Вот так спаслись они с матерью в прошлом году, а в этом… Гане исполнилось семь лет. Весна была внезапная, бурная, но что-то слишком ветреная. Вчера Ганя смолол на каменных жерновах последнюю горсть зерна. Ну почему всегда так трудно весной?! Глядя на опухающее лицо своего друга Коли, он вдруг с удручающей ясностью понял, что уже на следующей неделе они не смогут играть вместе… Одновременно до семилетнего Гавриила каким-то внезапным озарением дошло – та женщина в белом никогда не жила в их деревне. Более того, она вообще никогда не жила на земле. Поэтому ее никто не видел и не помнит. Эта женщина – дух этих мест, и плакала она потому, что знала – никто из ушедших на фронт не вернется обратно. Вот почему бабушка Агафья запретила ему говорить о своем видении. Она надеялась, что Ганя ошибся, или что если об этом забыть, то плохое предзнаменование не сбудется. А ведь бабушка Агафья могла и не умереть от голода. Она это сделала ради него. Чтобы он, Ганя Сатыров, выжил в этом непонятном и страшном мире. Все эти мысли пронеслись у мальчика в голове с быстротой молнии, оставив глубокий след в просыпающемся сознании. Это была как яркая вспышка. И в этот момент он подумал – что бы ни случилось, я выкарабкаюсь! Я выживу! Я просто должен это сделать.
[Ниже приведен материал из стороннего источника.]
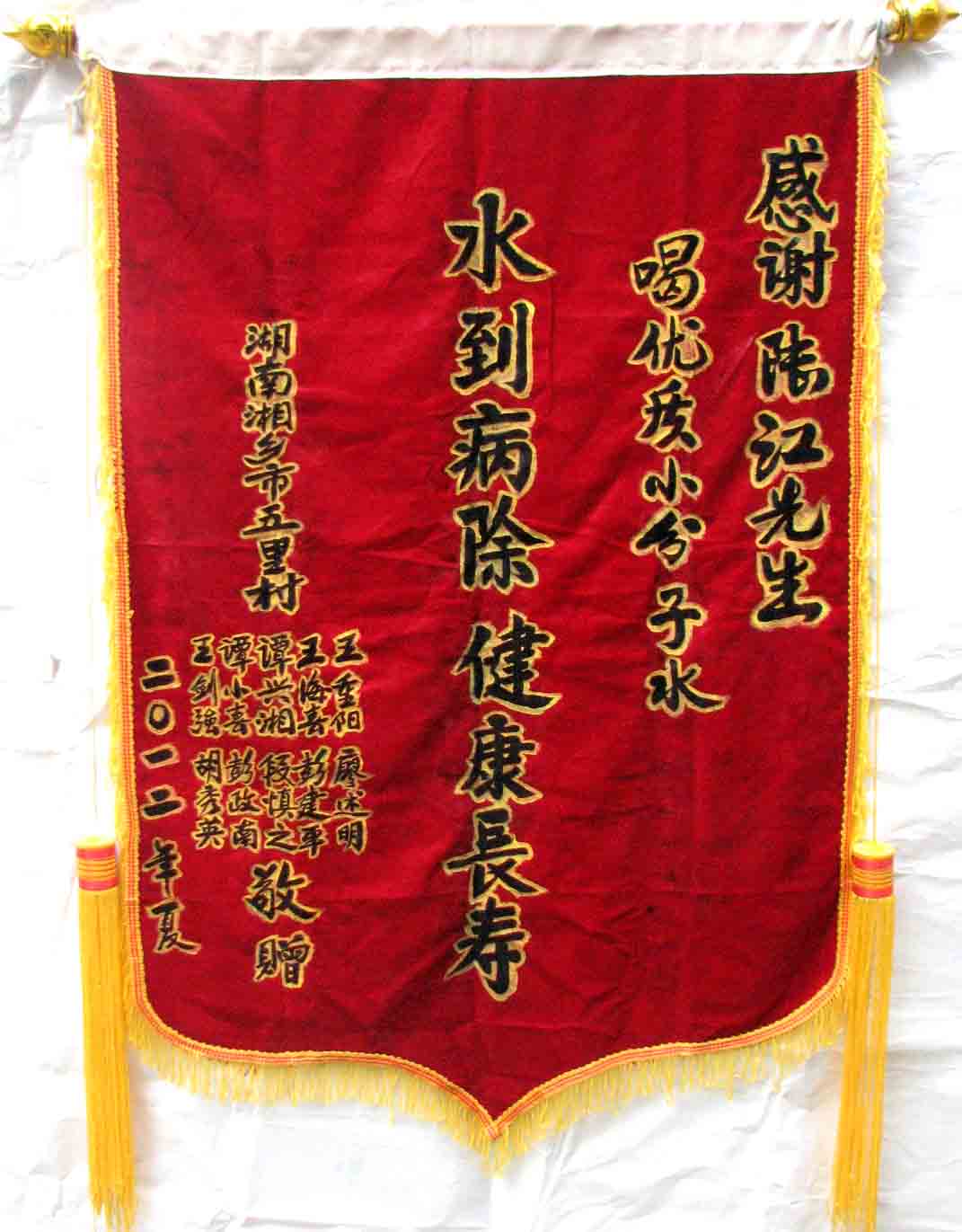 2015年潘志山主動寫一篇感想《我以親身實踐打破了冠心病、高血壓、糖尿病需終生服藥的神話》說:“堅持按發(fā)明人陸?江先生倡導的用‘已饑方食’的方法合理膳食,我的健康狀況越來越好:糖尿病造成的視力下降有了明顯的恢復(fù),末梢神經(jīng)炎導致的指端潰爛現(xiàn)在完全痊愈,痔瘡自從飲用微小分子團水半年后就再也沒有復(fù)發(fā)過,氣滯血瘀造成的嘴唇暗紫也漸漸變得紅潤,舌下靜脈黑紫消失,足背的動脈由以前的隱約感到跳動現(xiàn)在變得清晰有力。”[13]潘先生披露的訣竅,一是飲用微小分子團水給脫水細胞補水,二是“已饑方食”養(yǎng)生智慧,患者都能做到。

Коля не дожил до Победы двух дней. В тот день им выдали дополнительный паек. И даже по пачке невесть откуда взявшегося, редчайшего чая «Дорообо» (что значит «здравствуй»; так в народе назывался чай «Дружба», на коробке которой были изображены здоровающиеся руки). Ганя смотрел, как оставшиеся в живых танцуют осуохай, тот самый знаменитый Осуохай Победы, который в тот день танцевали на всем огромном пространстве, занимаемом Якутией, рассеянно вслушивался в красивый звонкий голос запевалы, полный радости, но еще больше – горечи, в голоса земляков, по-вилюйски степенно и важно выводящих повтор этих импровизированных стихов, и перед его глазами вставала бабка Агафья, таким странным образом отпетая им, которая дала ему дожить до этого дня, и видел как бы наяву, как они с ней однажды по осени подбирали упавшие с воза ржаные колосинки. Они передвигались короткими перебежками на тонких ослабевших ножках – старый и малый – умело прячась, как настоящие разведчики, и набрали зерна целый карман. Это называлось расхищением государственного имущества, и за это могли посадить.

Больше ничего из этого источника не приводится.